▸ Task details:
Images are to be dropped, and the rest of the data reproduced exactly.

Collected data:
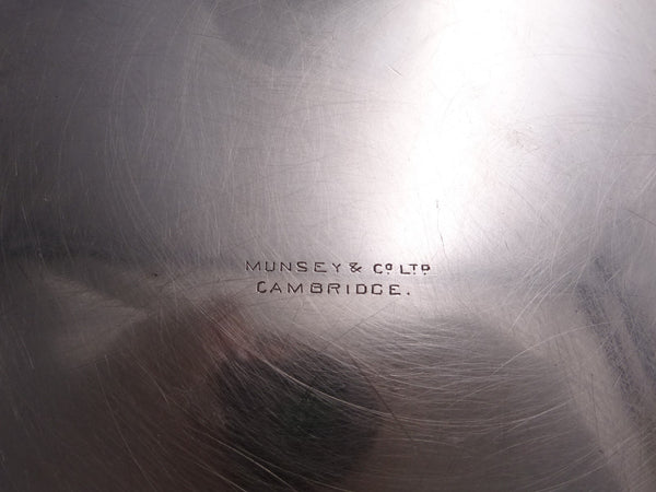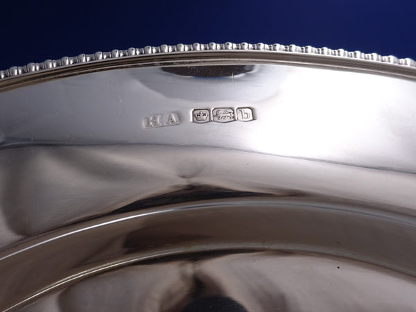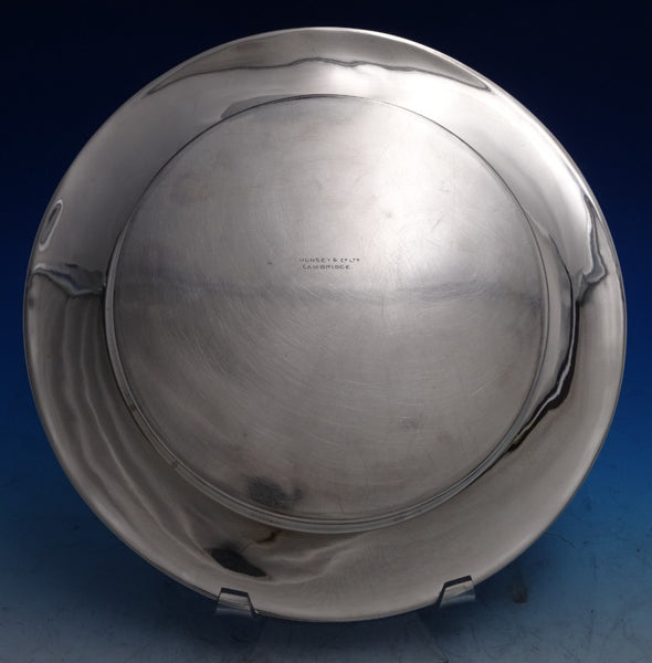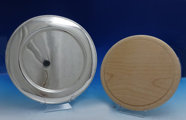Outstanding English sterling silver and challah/cheese board retailed by Munsey and Co Ltd. of Cambridge (maker unknown). This piece measures 3/4" tall x 11 1/4" in diameter and weighs 18.4 troy ounces (without wood). It is not monogrammed and is in good estate condition as shown in the photos. Remarkable piece!
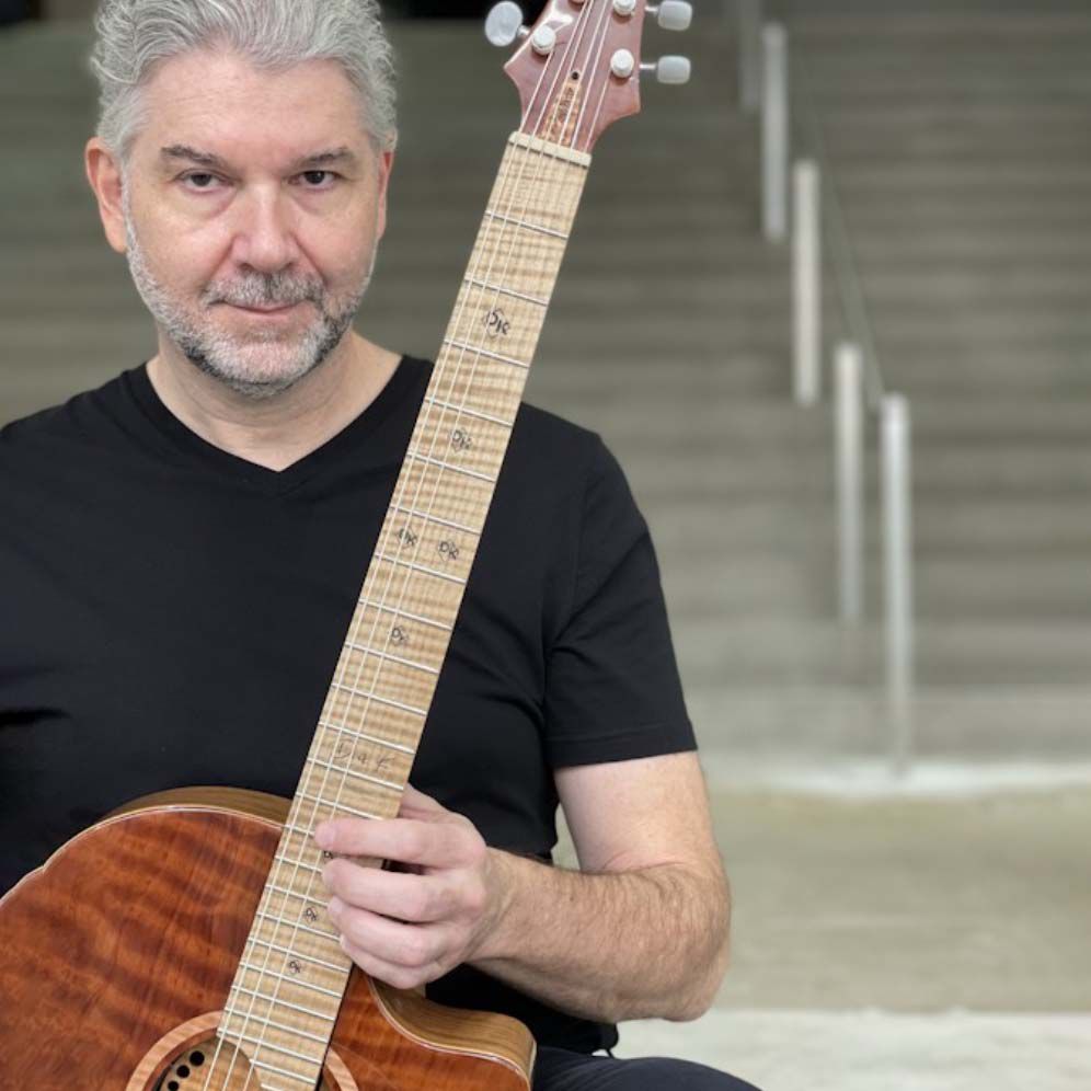 Spielt Nylon- und Jazzgitarre und bietet den Gästen eine Vielzahl von Klängen, Stilen und Grooves.
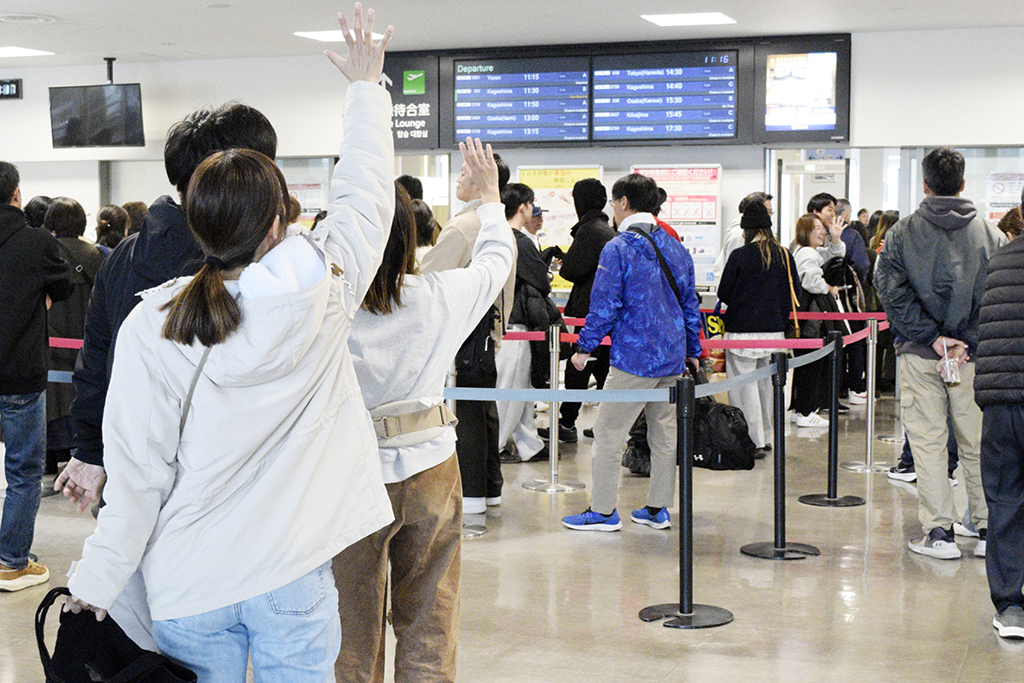 奄美空港では午前中、東京方面に向かう乗客で込み合った。空港2階ロビーでは出発前の手荷物検査に長い列ができた。連休を満喫した人からは笑顔が見られ、家族や親戚、滞在先の関係者らがお見送り。ゲート近くでは、「さようなら」「また来るね」と声を掛け合いながら、別れを惜しむ姿もみられた。
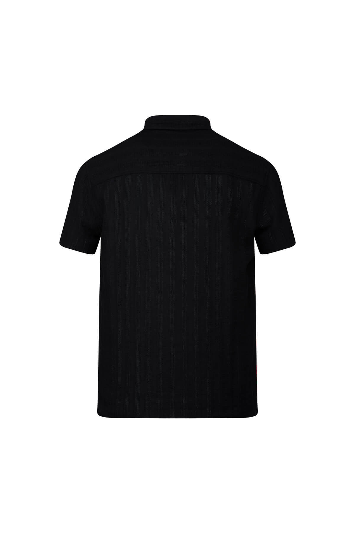 Siyah Comfort Fit Çizgili Düğmeli Yaka 100% Pamuk Kısa Kollu Casual Gömlek - 3
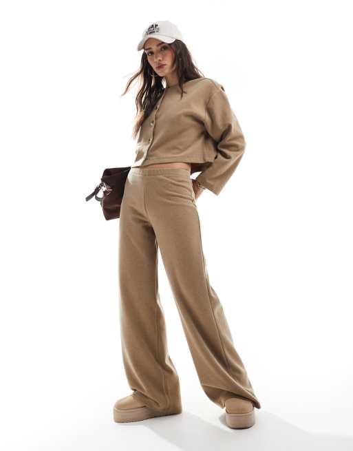 Miss Selfridge - Pantalon large d'ensemble en maille côtelée douce - Beige

▸ Solution for this task:
Outstanding English sterling silver and challah/cheese board retailed by Munsey and Co Ltd. of Cambridge (maker unknown). This piece measures 3/4" tall x 11 1/4" in diameter and weighs 18.4 troy ounces (without wood). It is not monogrammed and is in good estate condition as shown in the photos. Remarkable piece!
 Spielt Nylon- und Jazzgitarre und bietet den Gästen eine Vielzahl von Klängen, Stilen und Grooves.
 奄美空港では午前中、東京方面に向かう乗客で込み合った。空港2階ロビーでは出発前の手荷物検査に長い列ができた。連休を満喫した人からは笑顔が見られ、家族や親戚、滞在先の関係者らがお見送り。ゲート近くでは、「さようなら」「また来るね」と声を掛け合いながら、別れを惜しむ姿もみられた。
 Siyah Comfort Fit Çizgili Düğmeli Yaka 100% Pamuk Kısa Kollu Casual Gömlek - 3
 Miss Selfridge - Pantalon large d'ensemble en maille côtelée douce - Beige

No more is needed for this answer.